A 1958 article in Variety magazine stated that CBS would be scheduling the series to be shown on Wednesdays from 8:00 to 8:30 p.m. The article described the series about a six-inch tall man by saying "Whether it is the turning on of a hose, a tipped bottle of glue, the closing of an ice box, the turning on of an electric light – each in its way is a monster or a monstrous situation for the 'little man'."

It was a high-budget program, and used sets and props built for the 1957 film The Incredible Shrinking Man.

The series was not picked up for broadcast by a major network, and a 1961 issue of Sponsor magazine stated that CBS was putting World of Giants into syndication, with a June 19, 1961 release. The series was available until at least 1964, for an entertainment industry yearbook published that year reported that CBS Films was offering the series for world-wide distribution.

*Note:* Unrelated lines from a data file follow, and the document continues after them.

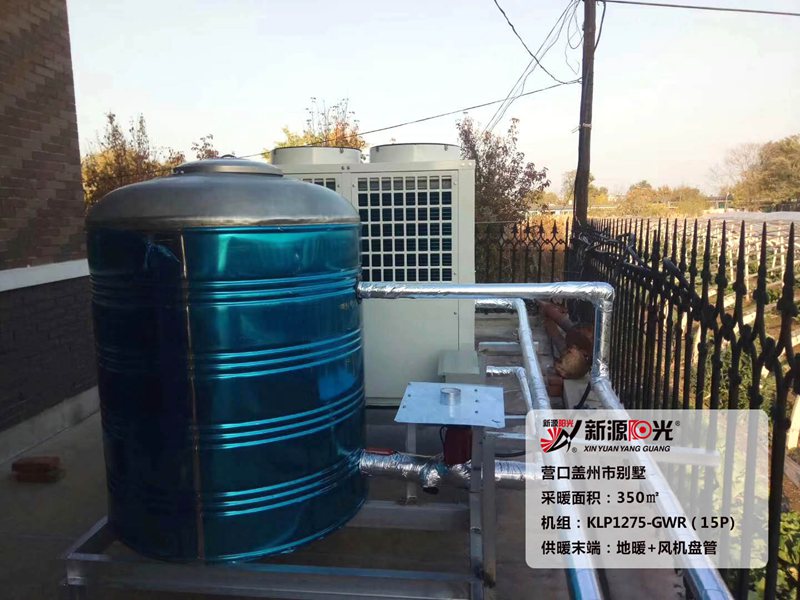 供暖面積:350㎡ 機(jī)組:新源陽(yáng)光15P空氣能熱泵機(jī)組 采暖末端:地暖+風(fēng)盤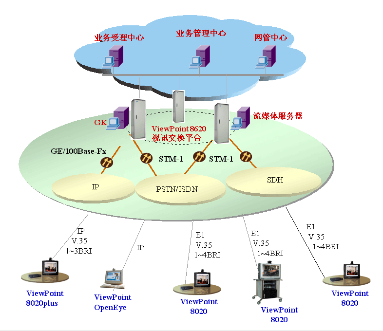 對(duì)于專網(wǎng)或非面向運(yùn)行的視訊網(wǎng)絡(luò)建設(shè),“視點(diǎn)通”ViewPoint®8000綜合視訊系統(tǒng)可以提供寬窄帶一體化的視訊交換平臺(tái),提供各種線路接口方式,可充分利用專網(wǎng)和企業(yè)的現(xiàn)有網(wǎng)絡(luò),同時(shí)考慮網(wǎng)絡(luò)的發(fā)展需要,支持?jǐn)U展其它接口,保護(hù)用戶投資。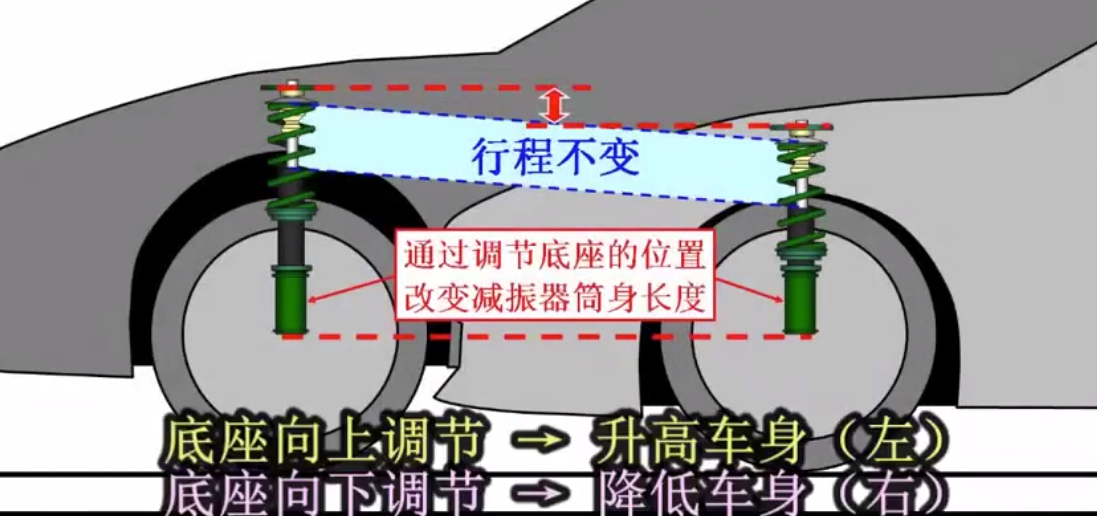 这两个不同的设计方式,都有什么优缺点呢?相信这也是车友们都非常关注的。“全长可调”避震器的有点在于调整车身高度的时候,不会改变避震筒的做功行程,也不需要预压弹簧,从而出现弹簧过硬的问题,而且只要是相同型号的避震筒,只要更换固定下座,就可以配套不同的车型,对于生产厂商来说这是一个降低生产成本的有力方式。缺点这是会因为避震筒的长度出现了变化,一般都是变短,从而影响底盘其他部件的配合做功和角度,比如防倾杆、李子串、轮胎定位角度等等底盘结构件,这些底盘结构件出现的问题,势必会影响到车子的行驶状态,如果调校不好,甚至会对车子的操控起到反作用。

==Other series with shrunken people==
Nearly a decade later, in 1968, a similarly themed Irwin Allen science fiction TV series, entitled Land of the Giants, starring Gary Conway and Don Marshall, ran on ABC. Two years prior to that series, an animated kids TV show called Tom of T.H.U.M.B., aired as a part of The King Kong Show. In 1973, Hanna-Barbera's animated series Inch High, Private Eye, about a similarly small detective, premiered on NBC, airing for only one season. The Doctor Who Season Two, Episode One "Planet of the Giants" had the cast shrunk after a TARDIS incident.

==Home media==
The complete series of World of Giants was released on Blu-ray from distribution company, ClassicFlix on November 7, 2023.